◆ **Your task**
All of the entries below need to be repeated exactly.

◆ **Study material**

○ ○ ○ ○ ○

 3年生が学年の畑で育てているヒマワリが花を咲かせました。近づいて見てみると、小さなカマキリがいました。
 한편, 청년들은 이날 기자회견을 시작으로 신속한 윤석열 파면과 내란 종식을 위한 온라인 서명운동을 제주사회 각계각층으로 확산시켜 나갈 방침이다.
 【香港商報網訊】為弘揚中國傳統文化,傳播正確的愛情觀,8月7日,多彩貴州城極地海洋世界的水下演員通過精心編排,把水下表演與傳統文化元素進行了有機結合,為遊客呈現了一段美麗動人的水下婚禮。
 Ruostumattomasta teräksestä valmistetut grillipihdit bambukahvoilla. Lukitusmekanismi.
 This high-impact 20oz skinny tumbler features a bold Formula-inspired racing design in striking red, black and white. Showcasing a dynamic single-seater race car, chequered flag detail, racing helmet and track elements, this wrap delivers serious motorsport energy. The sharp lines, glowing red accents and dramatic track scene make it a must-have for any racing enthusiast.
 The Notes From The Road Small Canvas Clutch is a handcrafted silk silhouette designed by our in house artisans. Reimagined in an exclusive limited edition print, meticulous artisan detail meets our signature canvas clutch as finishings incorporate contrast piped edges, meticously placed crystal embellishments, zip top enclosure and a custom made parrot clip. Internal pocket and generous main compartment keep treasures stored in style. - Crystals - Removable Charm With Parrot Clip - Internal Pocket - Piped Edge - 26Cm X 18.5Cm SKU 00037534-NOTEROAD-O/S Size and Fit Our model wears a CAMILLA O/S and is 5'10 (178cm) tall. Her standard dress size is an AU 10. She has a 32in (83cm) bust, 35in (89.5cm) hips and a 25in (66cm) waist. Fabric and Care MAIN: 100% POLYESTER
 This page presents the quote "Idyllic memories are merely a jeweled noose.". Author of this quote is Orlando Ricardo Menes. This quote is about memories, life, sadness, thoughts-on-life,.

○ ○ ○ ○ ○

◆ **Answer to this problem**
 3年生が学年の畑で育てているヒマワリが花を咲かせました。近づいて見てみると、小さなカマキリがいました。
 한편, 청년들은 이날 기자회견을 시작으로 신속한 윤석열 파면과 내란 종식을 위한 온라인 서명운동을 제주사회 각계각층으로 확산시켜 나갈 방침이다.
 【香港商報網訊】為弘揚中國傳統文化,傳播正確的愛情觀,8月7日,多彩貴州城極地海洋世界的水下演員通過精心編排,把水下表演與傳統文化元素進行了有機結合,為遊客呈現了一段美麗動人的水下婚禮。
 Ruostumattomasta teräksestä valmistetut grillipihdit bambukahvoilla. Lukitusmekanismi.
 This high-impact 20oz skinny tumbler features a bold Formula-inspired racing design in striking red, black and white. Showcasing a dynamic single-seater race car, chequered flag detail, racing helmet and track elements, this wrap delivers serious motorsport energy. The sharp lines, glowing red accents and dramatic track scene make it a must-have for any racing enthusiast.
 The Notes From The Road Small Canvas Clutch is a handcrafted silk silhouette designed by our in house artisans. Reimagined in an exclusive limited edition print, meticulous artisan detail meets our signature canvas clutch as finishings incorporate contrast piped edges, meticously placed crystal embellishments, zip top enclosure and a custom made parrot clip. Internal pocket and generous main compartment keep treasures stored in style. - Crystals - Removable Charm With Parrot Clip - Internal Pocket - Piped Edge - 26Cm X 18.5Cm SKU 00037534-NOTEROAD-O/S Size and Fit Our model wears a CAMILLA O/S and is 5'10 (178cm) tall. Her standard dress size is an AU 10. She has a 32in (83cm) bust, 35in (89.5cm) hips and a 25in (66cm) waist. Fabric and Care MAIN: 100% POLYESTER
 This page presents the quote "Idyllic memories are merely a jeweled noose.". Author of this quote is Orlando Ricardo Menes. This quote is about memories, life, sadness, thoughts-on-life,.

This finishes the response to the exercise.